Could you reproduce, from the records below, everything from the line with "نباق مشاركة في طريقها إلى مقرها" down to the line with "التي لم توقع", keeping both of those lines and changing nothing?

> **Given records**
_ _ _ _

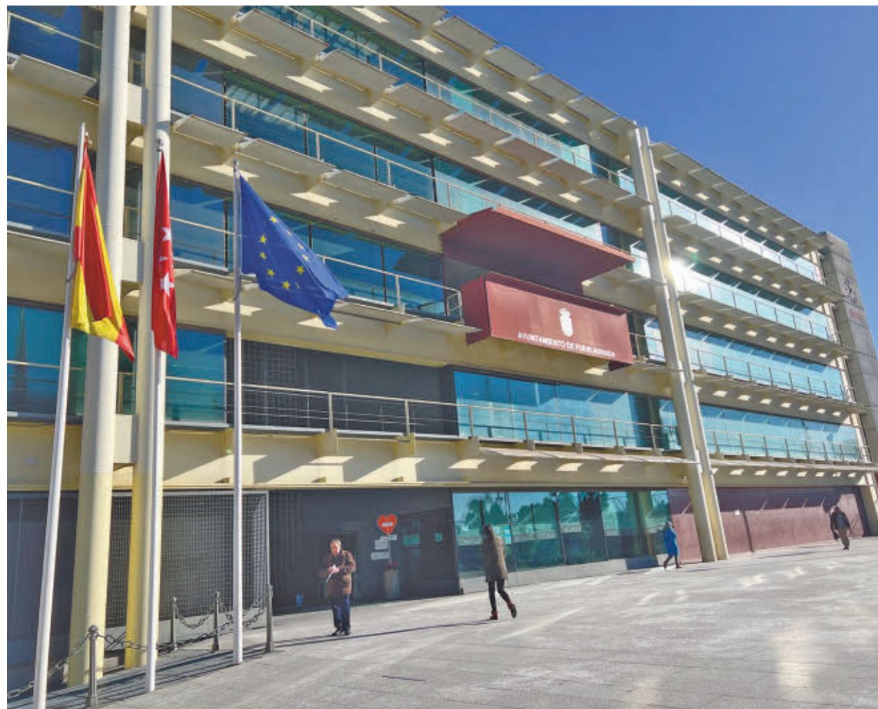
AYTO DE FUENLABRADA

_ _ _ _

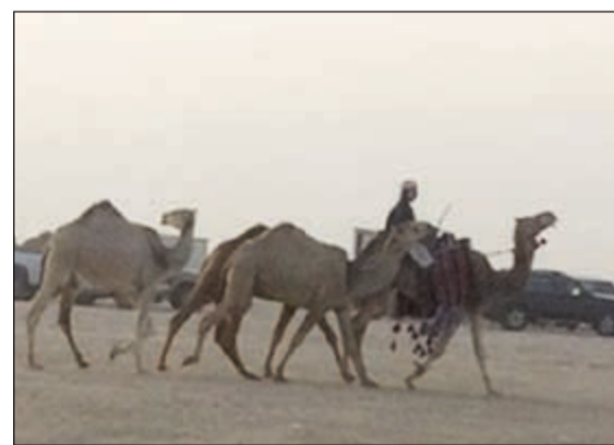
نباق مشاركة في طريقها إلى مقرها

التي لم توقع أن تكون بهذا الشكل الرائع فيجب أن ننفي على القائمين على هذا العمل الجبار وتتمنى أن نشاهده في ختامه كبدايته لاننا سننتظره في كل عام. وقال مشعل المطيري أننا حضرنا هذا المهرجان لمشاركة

_ _ _ _

> **Result of the exercise**
نباق مشاركة في طريقها إلى مقرها

التي لم توقع أن تكون بهذا الشكل الرائع فيجب أن ننفي على القائمين على هذا العمل الجبار وتتمنى أن نشاهده في ختامه كبدايته لاننا سننتظره في كل عام. وقال مشعل المطيري أننا حضرنا هذا المهرجان لمشاركة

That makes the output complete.